What are smart contracts?

IBM defines smart contracts as “programs stored on a blockchain that run when predetermined conditions are met. They typically are used to automate the execution of an agreement so that all participants can be immediately certain of the outcome, without any intermediary’s involvement or time loss. They can also automate a workflow, triggering the next action when conditions are met.”[1]

How do these smart contracts work?

Smart contracts work by following simple “if/when…then…” statements that are written into code on a blockchain. A network of computers executes the actions when predetermined conditions have been met and verified. These actions could include releasing funds to the appropriate parties, registering a vehicle, sending notifications, or issuing a ticket. The blockchain is then updated when the transaction is completed. That means the transaction cannot be changed, and only parties who have been granted permission can see the results.

Within a smart contract, there can be as many stipulations as needed to satisfy the participants that the task will be completed satisfactorily. To establish the terms, participants must determine how transactions and their data are represented on the blockchain, agree on the “if/when…then…” rules that govern those transactions, explore all possible exceptions, and define a framework for resolving disputes.

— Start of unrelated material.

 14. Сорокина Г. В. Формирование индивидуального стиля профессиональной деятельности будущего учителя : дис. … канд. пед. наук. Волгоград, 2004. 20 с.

Then the smart contract can be programmed by a developer – although increasingly, organizations that use blockchain for business provide templates, web interfaces, and other online tools to simplify structuring smart contracts.[2]

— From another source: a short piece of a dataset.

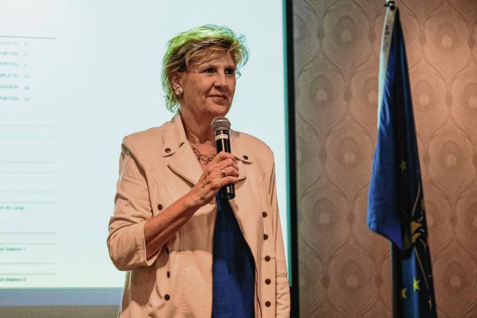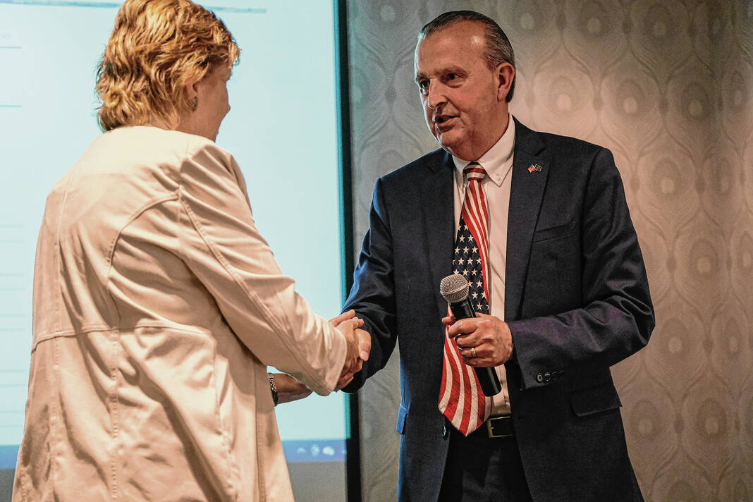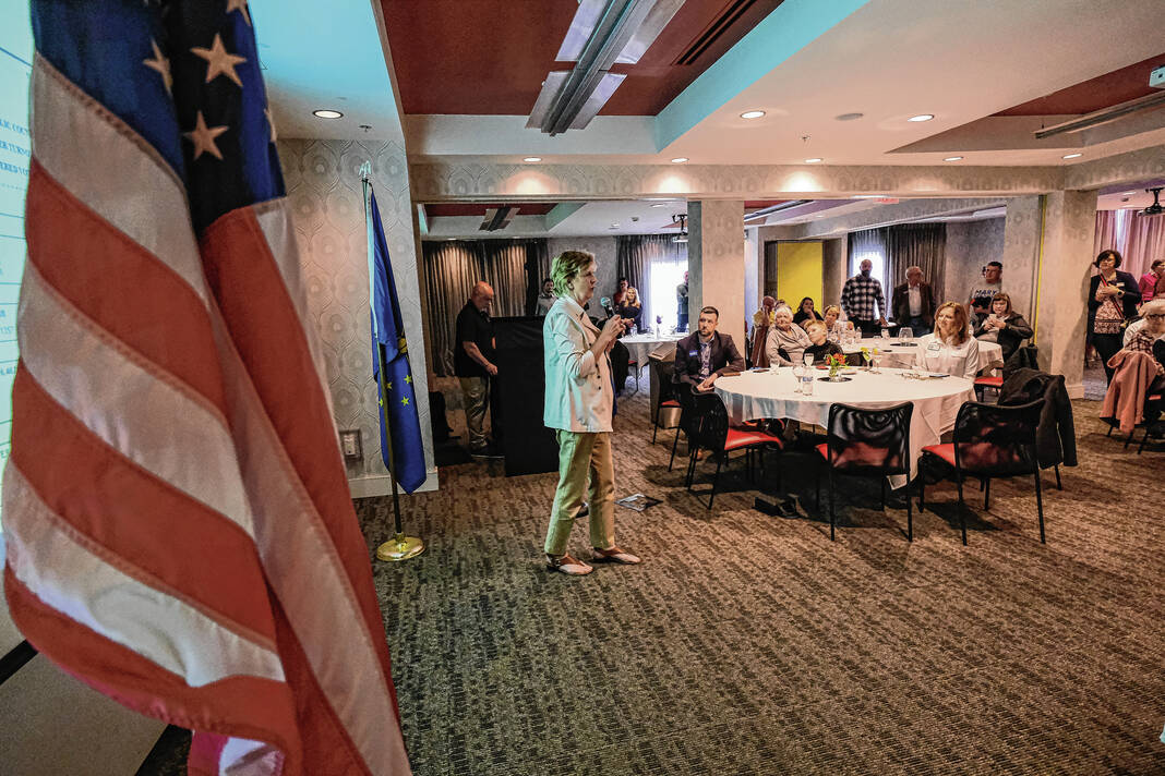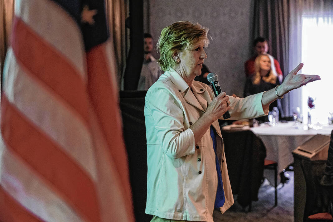 Mike Wolanin | The Republic Republican candidate for Columbus mayor Mary Ferdon thanks her supporters during the Bartholomew County Republican Party primary results watch party at Hotel Indigo in Columbus, Ind., Tuesday, May 2, 2023. Ferdon beat Republican Milo Smith in the primary for Columbus mayor.

What are the advantages of smart contracts?[3]


Safety is an integral part of Smart Contracts which is possible through encryption and the distributive ledger systems that ensures complete data security or protection. Each block or piece has information that is unhackable due to the interconnectedness of all the blocks.  

Speedy Process

It’s one of the fastest mechanisms to get the task done smoothly and swiftly with great accuracy. Since these are focused on reducing human intervention the accuracy points increase as time spent in processing and administrative work becomes negligible. Algorithms have the ability to totally eradicate these errors.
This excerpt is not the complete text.